▶ **Work order**:
Only the lines below from the one containing "ミニトマトの苗を植える前に,ミニトマトさんに手紙を書きました。" through the one containing "墨西哥政府認為教師工會的罷工" belong in the answer, repeated exactly and without pictures.

▶ **Materials provided**:
====================
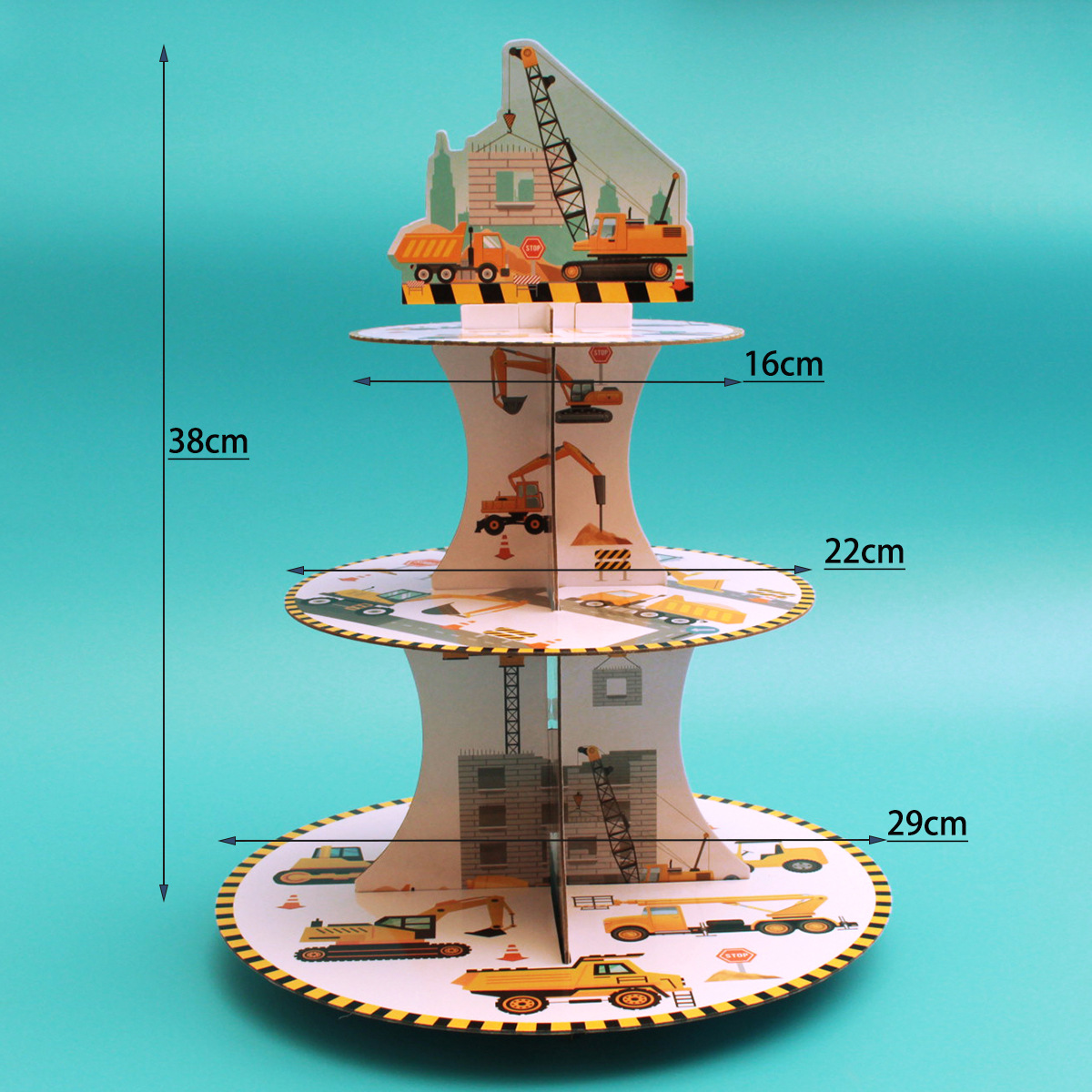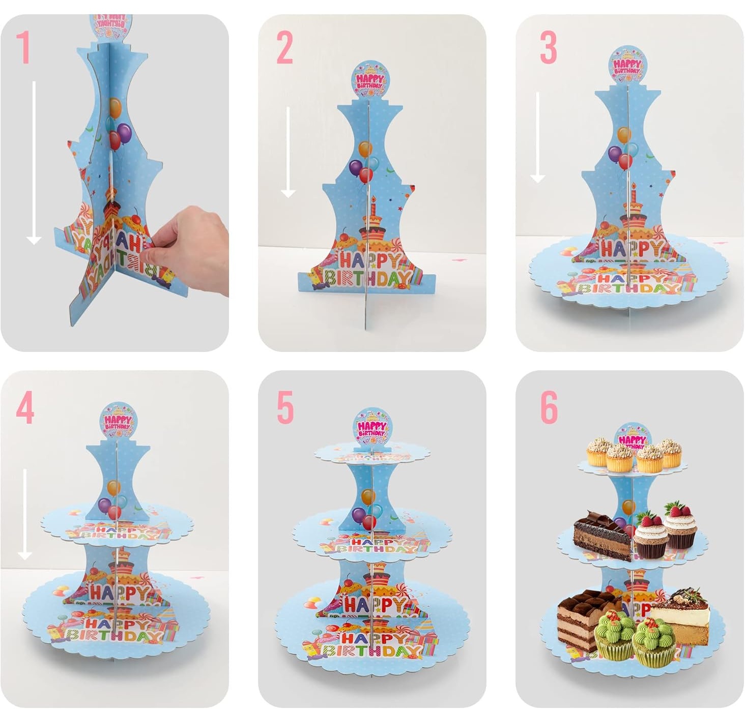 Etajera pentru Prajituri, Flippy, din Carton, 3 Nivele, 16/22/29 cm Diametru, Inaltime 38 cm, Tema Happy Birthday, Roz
====================
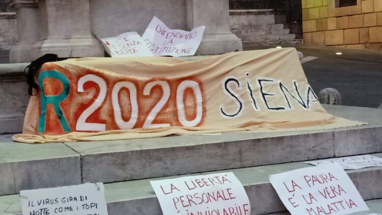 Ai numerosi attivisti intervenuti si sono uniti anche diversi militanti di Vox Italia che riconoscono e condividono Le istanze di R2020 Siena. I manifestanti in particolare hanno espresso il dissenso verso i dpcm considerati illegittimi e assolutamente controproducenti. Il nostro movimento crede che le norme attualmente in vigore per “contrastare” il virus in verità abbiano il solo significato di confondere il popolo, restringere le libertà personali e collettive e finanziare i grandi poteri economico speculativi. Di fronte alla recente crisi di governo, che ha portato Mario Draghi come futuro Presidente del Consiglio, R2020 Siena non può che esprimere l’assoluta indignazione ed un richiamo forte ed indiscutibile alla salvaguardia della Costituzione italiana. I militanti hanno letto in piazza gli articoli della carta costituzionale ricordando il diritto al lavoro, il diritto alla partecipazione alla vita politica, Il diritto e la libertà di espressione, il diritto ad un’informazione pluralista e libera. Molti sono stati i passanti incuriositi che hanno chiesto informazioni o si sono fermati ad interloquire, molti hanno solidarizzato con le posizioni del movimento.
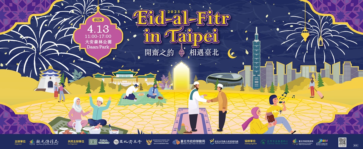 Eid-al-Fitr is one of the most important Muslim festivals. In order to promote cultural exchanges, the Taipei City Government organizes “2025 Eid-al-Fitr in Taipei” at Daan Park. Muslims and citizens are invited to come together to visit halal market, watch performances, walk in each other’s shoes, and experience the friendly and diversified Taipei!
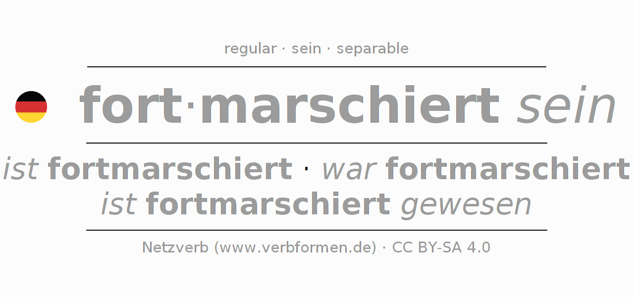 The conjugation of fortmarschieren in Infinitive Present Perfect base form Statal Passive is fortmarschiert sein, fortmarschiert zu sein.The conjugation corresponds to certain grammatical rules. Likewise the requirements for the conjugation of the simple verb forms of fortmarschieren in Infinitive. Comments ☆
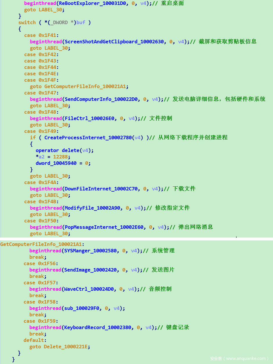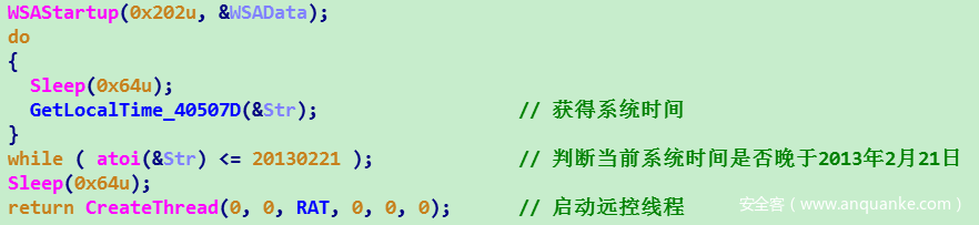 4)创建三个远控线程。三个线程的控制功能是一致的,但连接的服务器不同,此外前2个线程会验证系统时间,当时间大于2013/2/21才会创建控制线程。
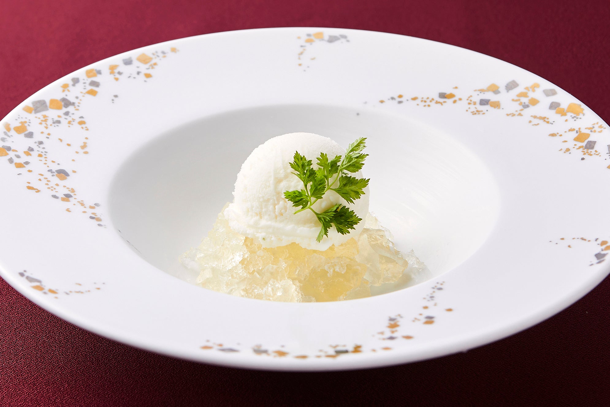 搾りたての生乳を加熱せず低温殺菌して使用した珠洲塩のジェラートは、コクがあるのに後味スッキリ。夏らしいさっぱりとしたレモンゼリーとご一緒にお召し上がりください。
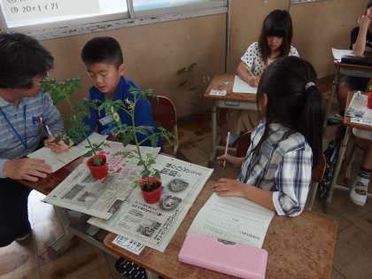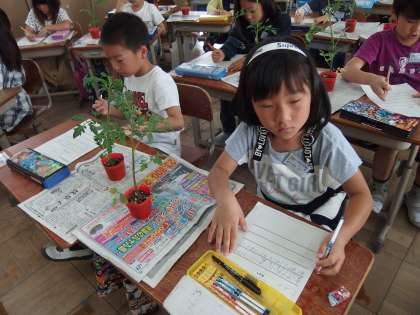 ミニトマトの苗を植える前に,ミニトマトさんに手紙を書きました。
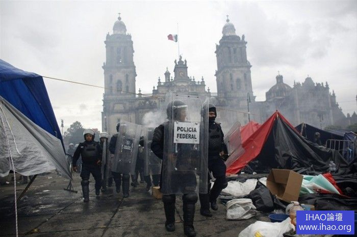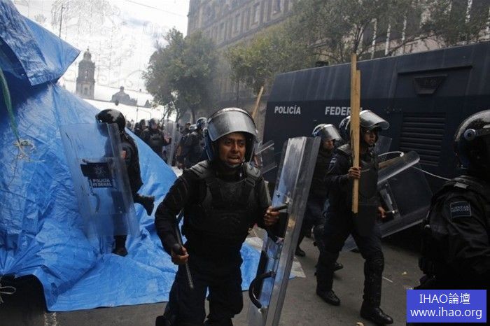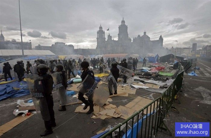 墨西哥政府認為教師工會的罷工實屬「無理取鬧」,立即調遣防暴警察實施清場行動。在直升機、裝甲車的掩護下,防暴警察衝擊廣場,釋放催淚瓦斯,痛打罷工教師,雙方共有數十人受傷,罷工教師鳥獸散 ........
====================
▶ **Solution to the problem**:
 ミニトマトの苗を植える前に,ミニトマトさんに手紙を書きました。
 墨西哥政府認為教師工會的罷工實屬「無理取鬧」,立即調遣防暴警察實施清場行動。在直升機、裝甲車的掩護下,防暴警察衝擊廣場,釋放催淚瓦斯,痛打罷工教師,雙方共有數十人受傷,罷工教師鳥獸散 ........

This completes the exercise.